La verdad que prefiero, una y mil veces, la sobriedad republicana al escarnio público. Y, acaso por haber estado tantas veces dando peleas en soledad contra poderosos que se creían invulnerables y portadores de una suerte de deidad, es que llegada esta instancia de bandidos esposados y escoltados por un batallón de hombres armados, casi innecesariamente, me produce vergüenza ajena y hasta malestar existencial que se monten espectáculos públicos que, por exagerados y ramplones, suenan a venganza o, en el mejor de los supuestos, a burlas pueriles, destempladas y oportunistas. No pasan del nivel de brulotes de paupérrima factura intelectual.
Por Rubén Pagliotto (*)
(especial para ANALISIS DIGITAL)
Sinceramente y de nuevo: ¡no me gusta! No lo veo (ni imagino) al juez Sergio Moro, a la cabeza de la operación Lava Jato de Brasil, ni a los integrantes de la mani pulite italiana protagonizando escenas grotescas, rayanas en lo vulgar y vengativo. Ellos no necesitaron ni necesitan demostrar nada. Ellos lo hicieron cuando aquellos que hoy pasan sus días en lúgubres presidios gozaban de las mieles del poder con proverbial altanería y veleidades propias de los que se sienten impunes.

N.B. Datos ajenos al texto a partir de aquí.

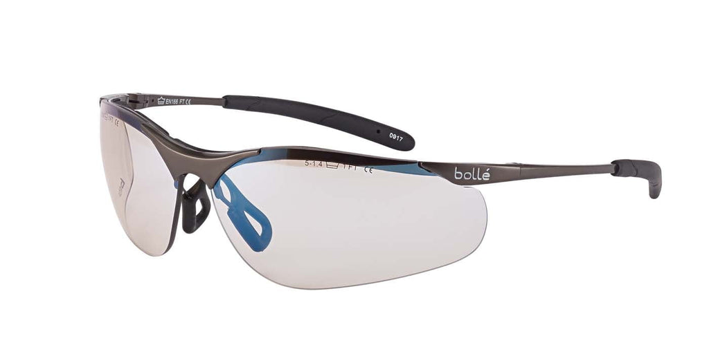 The Bolle Contour is a top selling half frame/semi-rimless, dual lens design which provides extensive eye coverage. Rubber nose pads & temple tips provide superior comfort and a non-slip fit. The Bolle Contour (Metal) is a metal frame version of the Bolle Contour (Sidewinder).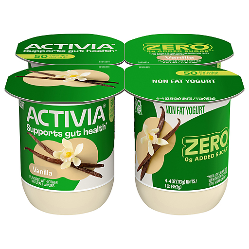 Start your day with your gut health in mind with Activia ZERO 0g Added Sugar* Vanilla Probiotic Nonfat Yogurt. Backed by 20 years of gut health research, this delicious vanilla flavored yogurt contains billions of probiotics and 0 grams of added sugar.* Probiotics are living microorganisms that provide specific health benefits, including supporting gut health.*** Each vanilla flavored yogurt cup has 0 grams of fat, and 50 calories per serving. Enjoy these 0g added sugar* yogurt cups as part of your breakfast, grab and go snacks, or as an addition to your yogurt smoothie. ***Enjoying Activia twice a day for two weeks as part of a balanced diet and healthy lifestyle may help reduce the frequency of minor digestive discomfort, which includes gas, bloating, rumbling, and abdominal discomfort.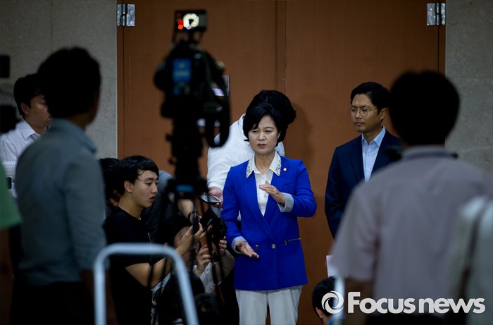(서울=포커스뉴스) 전당대회 출마를 선언한 추미애 더불어민주당 의원이 28일 오전 서울 여의도 국회 정론관에서 당대표 후보등록 기자회견을 마친 뒤 취재진 질문에 답하고 있다.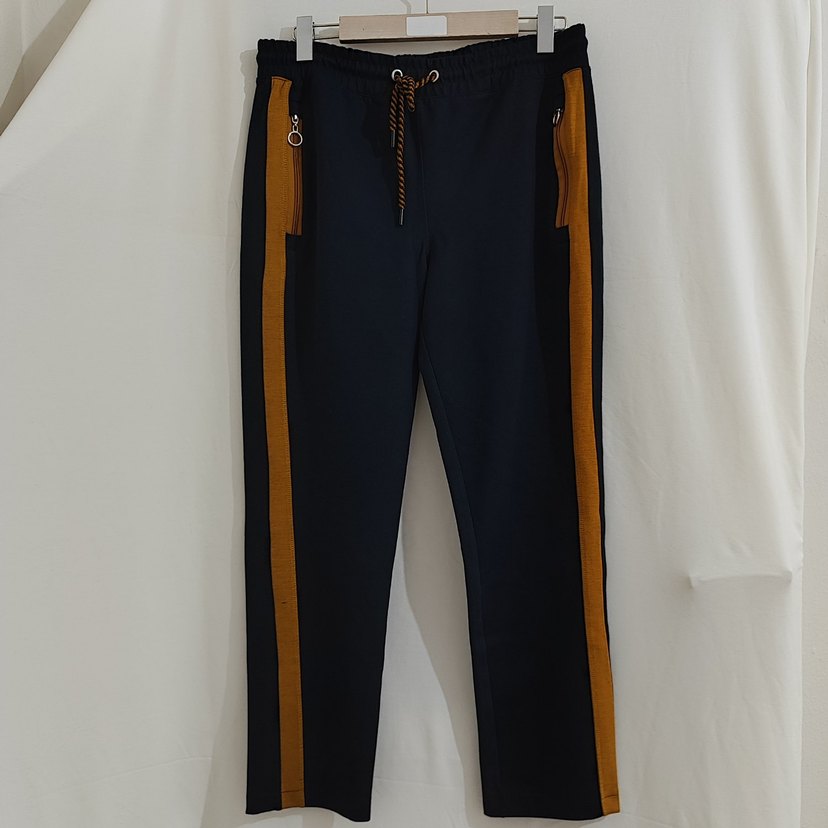 Sentetik kumaştan, kahverengi yan şeritli ve kemerli bel detaylı siyah erkek eşofman altı. Günlük kullanıma uygun, normal kesim ve midi boy.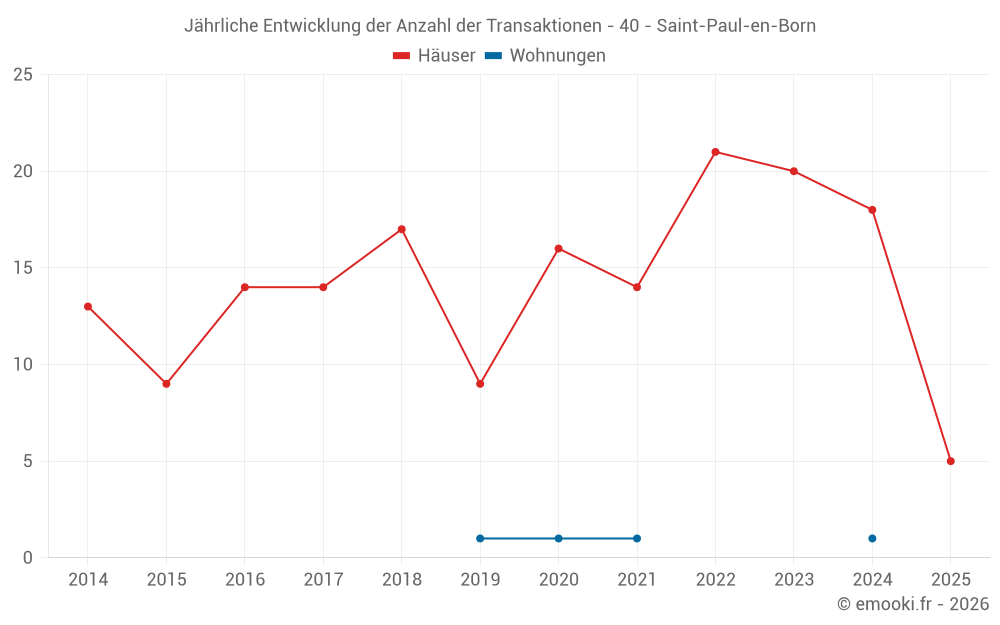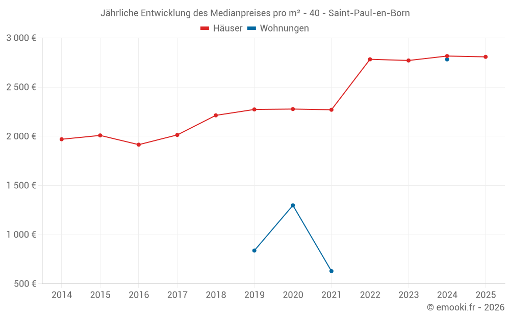 Der Durchschnittspreis auf den 17 Hausgeschäften der letzten 12 Monate in der Gemeinde Saint-Paul-en-Born betrug 2 815 € pro Quadratmeter für einen mittleren Immobilienwert von 250 000 €. Über diesen Zeitraum hinweg lagen 60% der Transaktionen zwischen 2 238 und 3 384 € pro Quadratmeter (vom 2. bis zum 8. Dezil).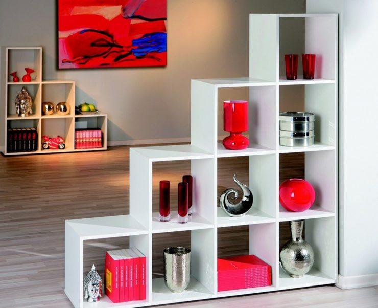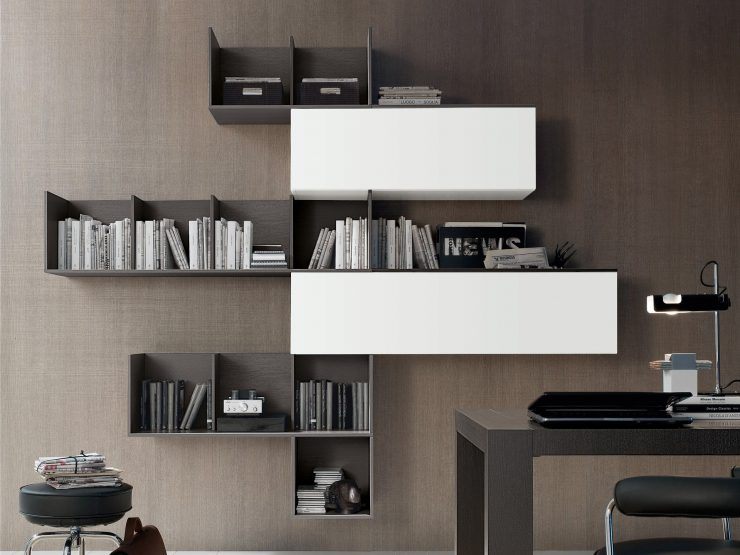 Les étagères sont murales, qui sont montées au mur ou au sol, situées au sol près du mur. Les modèles de sol diffèrent par leurs dimensions, ils sont donc généralement utilisés dans des pièces de grande surface. Ils sont également utilisés pour zoner la pièce. Leur face avant est ouverte ou fermée. Leur forme traditionnelle est rectangulaire. Cette conception comporte un ou plusieurs éléments avec différentes options pour placer des livres.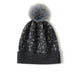 Womens Cashmere Beanie with Fur Pom Patterned Cashmere Hat Ribbed Hem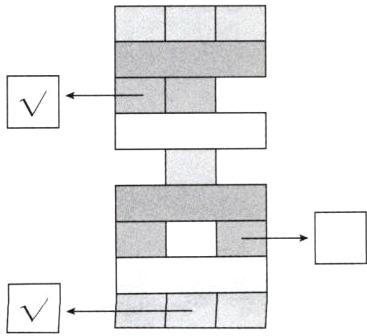 5.(名校期末真题)你玩过平衡塔吗?如图所示的平衡塔,抽掉哪几块积木,平衡塔不会倒?画“√”。
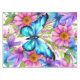 Mariposa azul en un campo de flores, este diseño presenta una hermosa mariposa azul en un campo de flores.
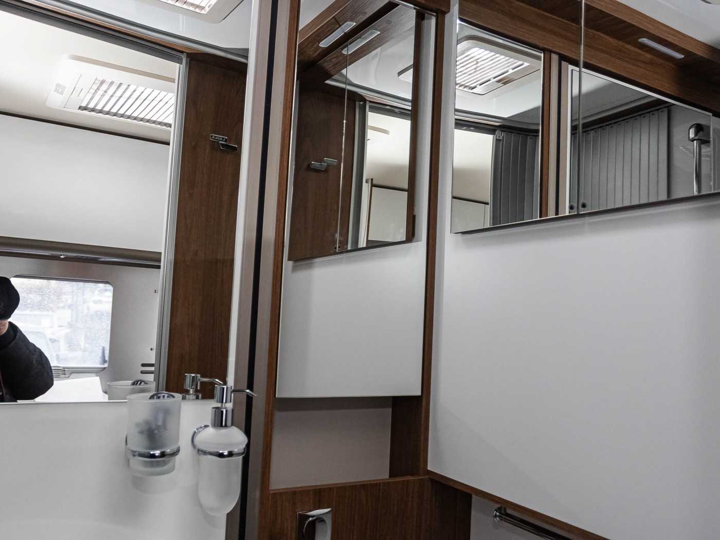 Polyurethan • GFK-Dach • LED-Heckscheinwerfer mit dynamischen Laufblinkern • Doppelboden, beheizt, beleuchtet mit Wärmespeicherfunktion, Beladung von außen und innen, Stauraum und technische Installationen • GFK-Unterboden • Garage mit tiefer Ladefläche, rutschfestem Bodenbelag, beleuchtet, beheizt und Zurrschiene mit variablen Ösen • Garage mit maximaler Nutzlast 250 kg • Steckdose in der Garage • Beidseitige Garagenklappen mit Gasdruckdämpfern und doppelter Schließanlage mit einheitlicher Steuerung • Sensor offene Garagenklappen • Coupé-Einstieg Elektrische Trittstufe • Sensor elektrische Trittstufe mit Bedienung vom Fahrerhaus • Einstiegshilfe • Premium XL-Aufbautür, mit Fernbedienung, Zentralverriegelung, Fenster, Verdunkelung, Ablagefach und Moskitonetz • Rahmenfenster mit Verdunkelung und Moskitonetz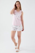 PC8572-S PIERRE CARDINطقم شورت للنساء قطعتين قطن لون زهري

¿Saben qué pasó en nuestro país y también en nuestra provincia? Que jueces y fiscales (siempre existen excepciones) tiempistas y mediocres se hicieron los distraídos y nunca se animaron con el poder. Entonces, de no hacer nada, ahora pasaron a hacer todo y, en esa suerte de totalidad arrasadora, de paso, se llevaron puesta, hiriéndola de muerte, a una de las conquistas más importantes del Estado constitucional de Derecho como es la de la libertad del imputado, como regla, durante el proceso.
La inacción es condenable. Pero la sobreactuación de los conversos es mucho peor. Y peligrosa. Sobre todo peligrosa porque el poder y nada en la vida es para siempre.
* Abogado denunciante en causas de corrupción desde 1996. Ex fiscal adjunto de la Fiscalía de Investigaciones Administrativas de Entre Ríos.